The prospect is tempting. Platforms like Upwork, Freelancer.com, and Fiverr display professional translators in virtually every language under the sun, some offering rates that are a fraction of what is offered by the top tier translation and localization agencies. These freelancers display their credentials: profiles, ratings, reviews, portfolios. You can collect their bids, interview them, and negotiate with them.
The downside of working with freelancers is the burden of management overhead. The work of the agency Account Executives will fall on your shoulders, including the management of multiple language teams and distinct translation and localization efforts.

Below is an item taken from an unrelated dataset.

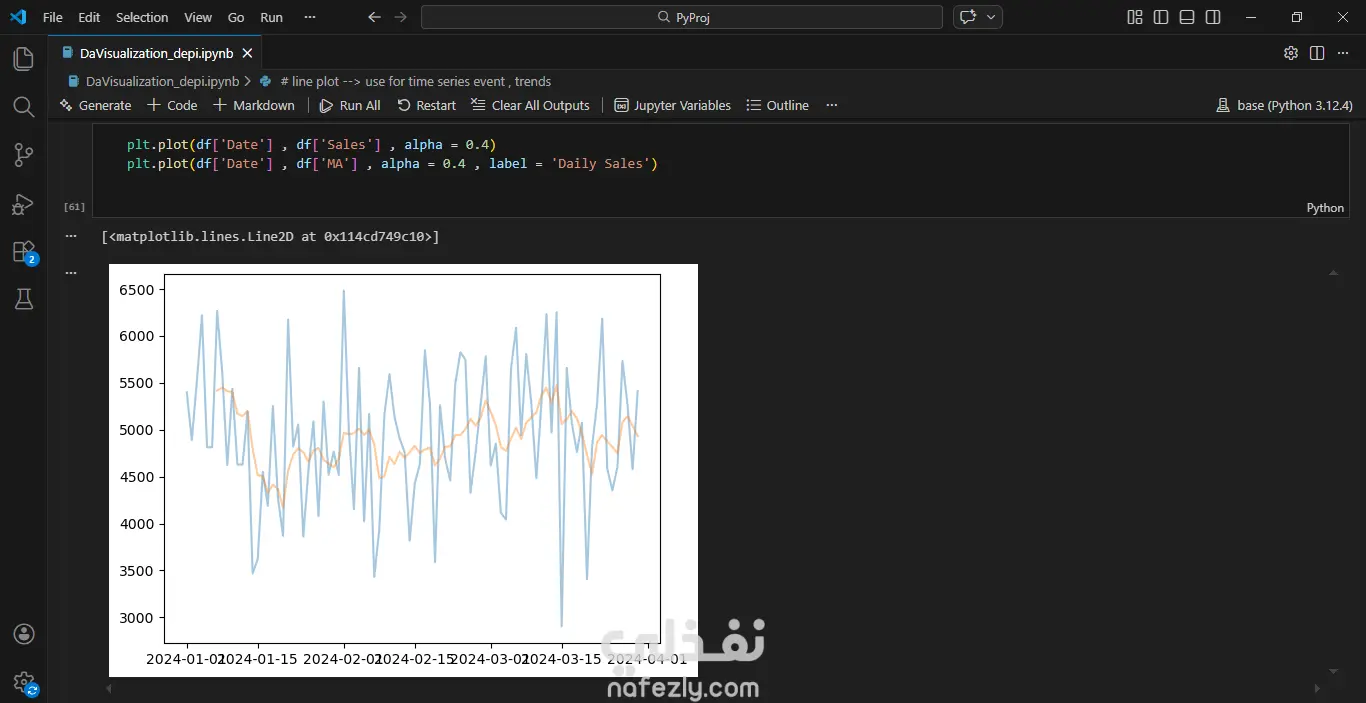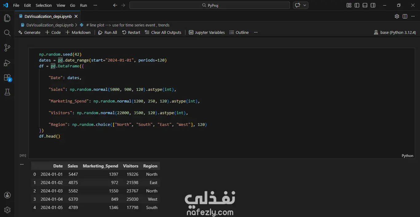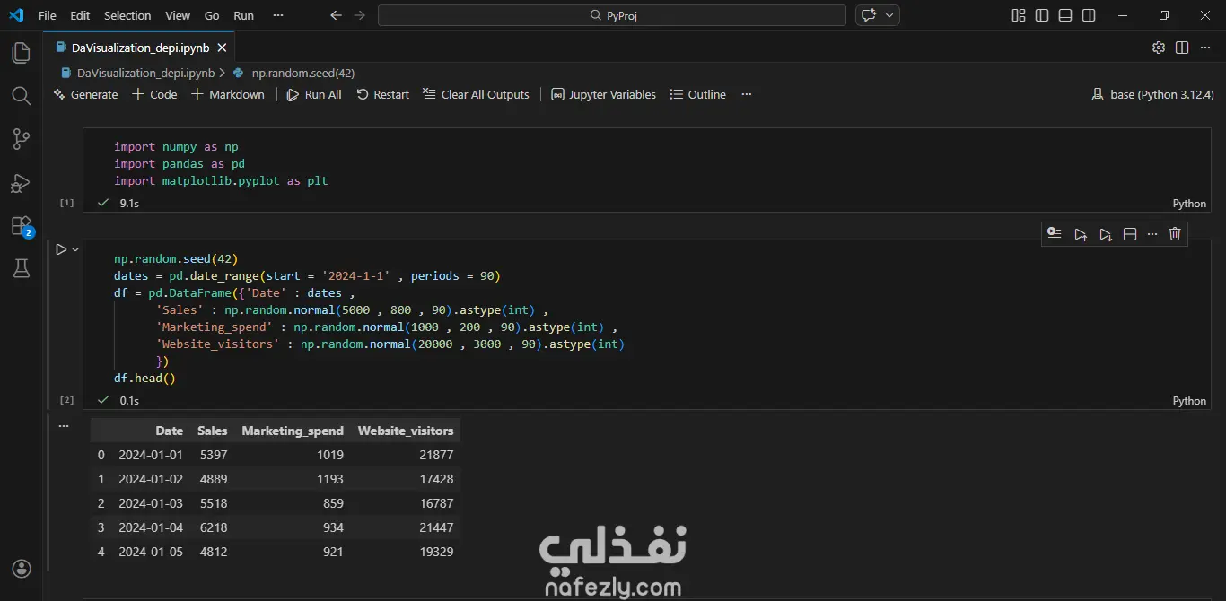 يهدف هذا المشروع إلى تحليل وتصور بيانات موقع إلكتروني لفهم العلاقة بين **المبيعات والإنفاق التسويقي وعدد زوار الموقع** خلال فترة زمنية محددة. قمت باستخدام لغة **Python** لتحليل البيانات ومعالجتها، بالإضافة إلى مكتبات متخصصة في تصور البيانات مثل **Matplotlib** و **Seaborn** لإنشاء رسوم بيانية واضحة تساعد على اكتشاف الأنماط والاتجاهات داخل البيانات. يتضمن المشروع: * تحليل تطور المبيعات عبر الزمن. * دراسة العلاقة بين الإنفاق التسويقي والمبيعات. * تحليل عدد زوار الموقع وتأثيره على الأداء التجاري. * إنشاء رسوم بيانية تساعد على فهم البيانات واتخاذ قرارات مبنية على البيانات. يساعد هذا النوع من التحليل الشركات وأصحاب المواقع على فهم أداء الموقع بشكل أفضل، وتقييم فعالية الحملات التسويقية، واتخاذ قرارات استراتيجية لتحسين المبيعات وزيادة عدد الزوار.

If you have the time and aptitude, you can save a lot of money. But you will pay for it in time, and you assume a greater risk in terms of quality. Who checks the chosen freelancer? Who quality assures the localized software?
There is a middle road, and that is to emulate what agencies do: hire translators and localizers in pairs, a senior resource to audit the work of a less-expensive junior resource. Or, if you choose to work with an agency, consider hiring a senior resource to check the work of your chosen agency. Trust but verify.

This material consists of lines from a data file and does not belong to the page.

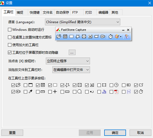 设置对话框的捕获选项卡提供了在Windows启动时启动FastStone的选项,自动最小化Windows系统托盘是最方便和最不干扰的。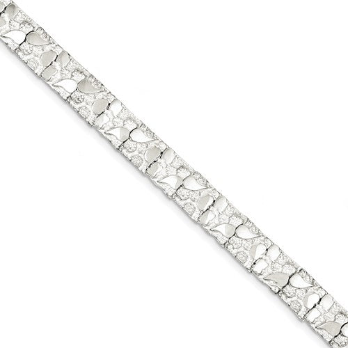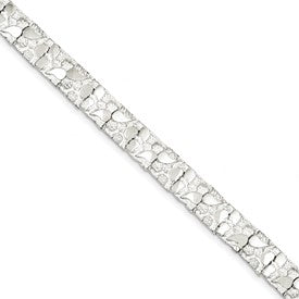 Specifications: Material: Primary - Purity:925|Finish:Polished|Length of Item:7 in|Chain Length:7 in|Chain Type:Link, Other|Chain Width:9 mm|Clasp /Connector:Fold Over Catch|Clasp Width (Male end):7 mm|Feature:Solid|Manufacturing Process:Casted|Material: Primary:Sterling Silver|Item Weight U/M:gm|Width of Item:9 mm|Product Type:Jewelry|Jewelry Type:Bracelets|Sold By Unit:Each|Bracelet Type:Nugget|Material: Primary - Color:White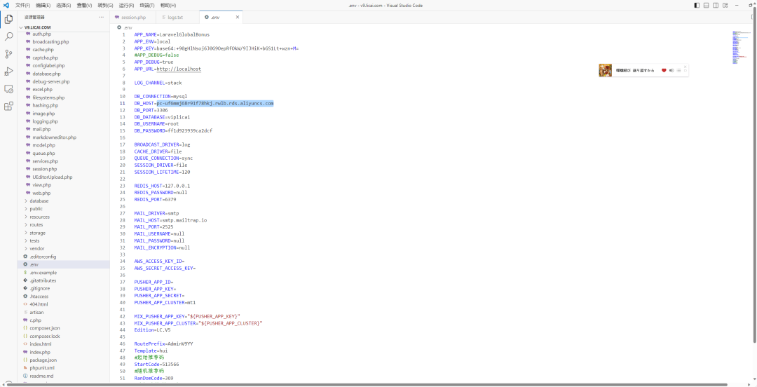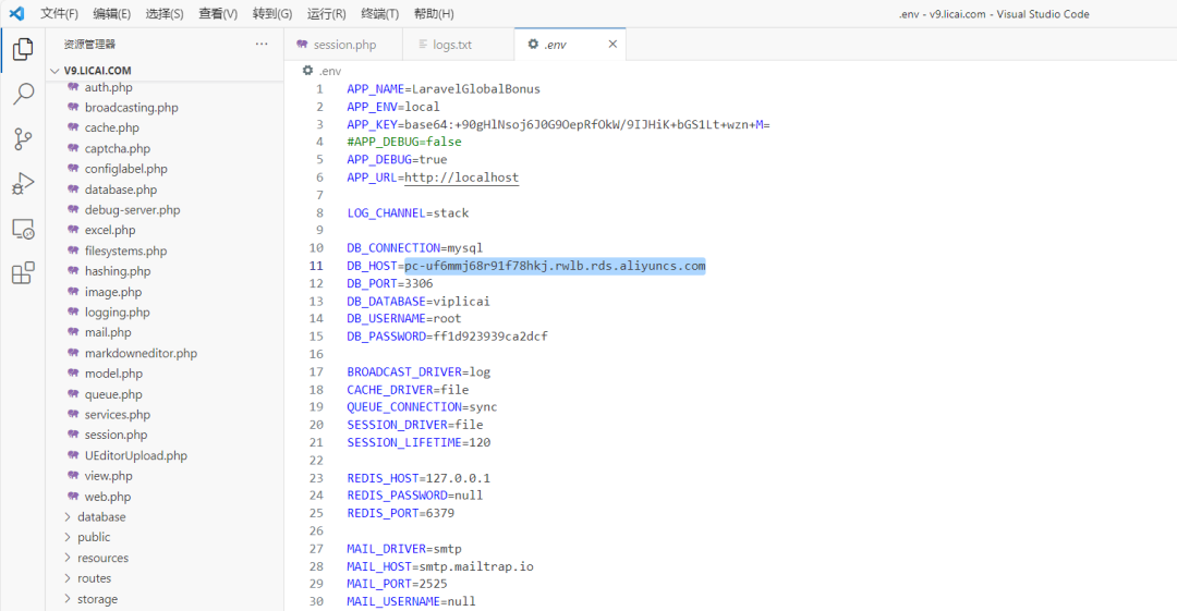 接下来恢复网站访问,将网站源码中的.env里的值修改为天仪的连接地址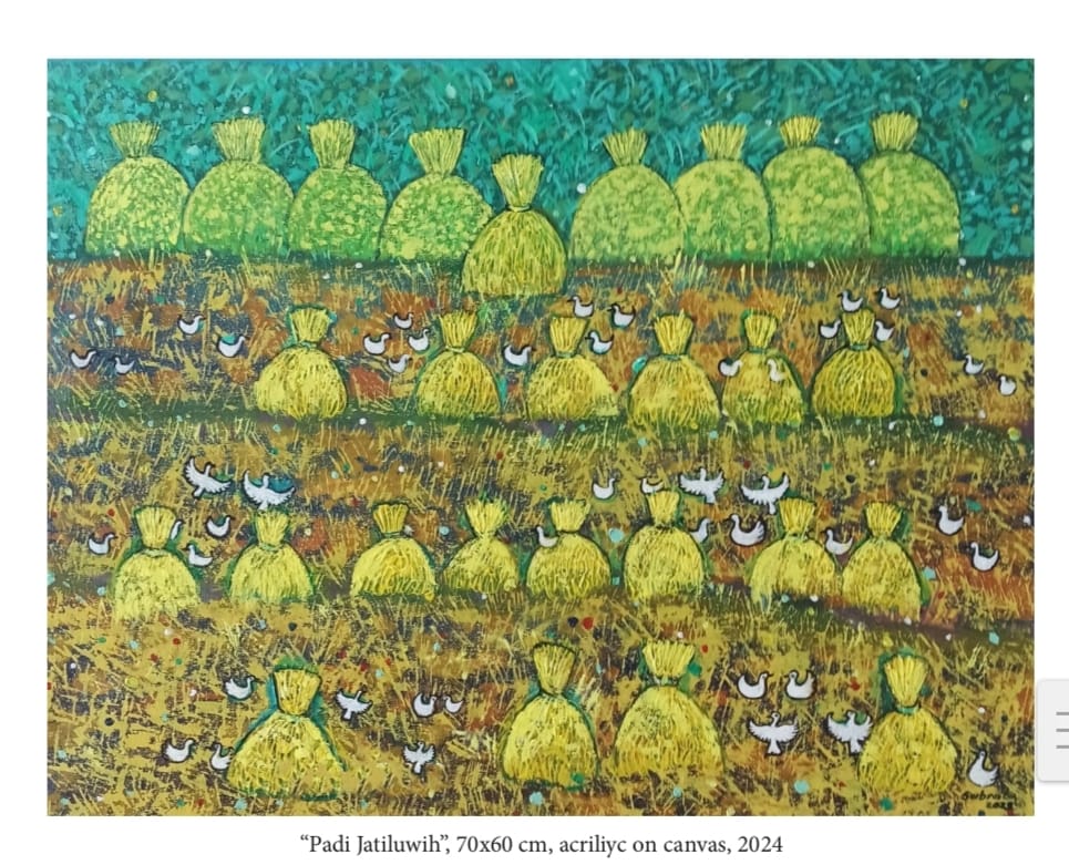 Lukisan “Padi Jatiluwih” karya I Made Subrata menghidupkan hamparan sawah berundak yang bergoyang diterpa cahaya. Pada beberapa bagian, tampak burung kuntul beterbangan bebas, menandakan ekosistem yang hidup dan harmoni—sebuah pengingat bahwa hasil agraria bukan hanya dinikmati manusia, tetapi juga menopang keberlangsungan seluruh makhluk dalam lingkungannya.

Machine Translation and Localization Software: When to Use It and How to Avoid its Pitfalls
The state of the art in machine translation has advanced dramatically, as anyone who has used these online services over a period of years can confirm. Google Translate and Microsoft Translator are the leaders in this high-stakes game. AI-driven neural network technology has dramatically improved translation quality over the past 5 years.
So, you may wonder, do you really need human translators at all? As in the world of chess, are we reaching the point where machines are simply better than grandmasters? That day may yet come, but we haven’t come close to reaching it yet. That said, machine translation can be useful for market research, for social media conversations, for tech support, and as a reality checking for auditing the work of human translators or translation companies. (This includes ensuring that your hired agents are not taking the short-cut of using machine translation themselves, an ethical no-no your contract should preclude.)
Software is also invaluable for managing the technical localization function. This is among what you should look for in a localization company. Most localization software is not intended for end-users like not-for-profit organizations but rather for translation and localization companies, who use it to manage and organize your work. But you should ask your human vendors which software they use as a matter of transparency.
Hire Only Translation Companies that Know the Not-for-Profit World
Last but not least: the worlds of not-for-profit and philanthropic fundraising are distinctly different from commercial companies and their marketing projects. Your chosen translation and localization resources should possess a track record demonstrating this focused expertise. Look for specific case studies of not-for-profit localization successes, and query candidates about familiarity with not-for-profit challenges and approaches. To adapt the familiar expression: to go global with your fundraising and engagement campaigns, first think, and act, locally.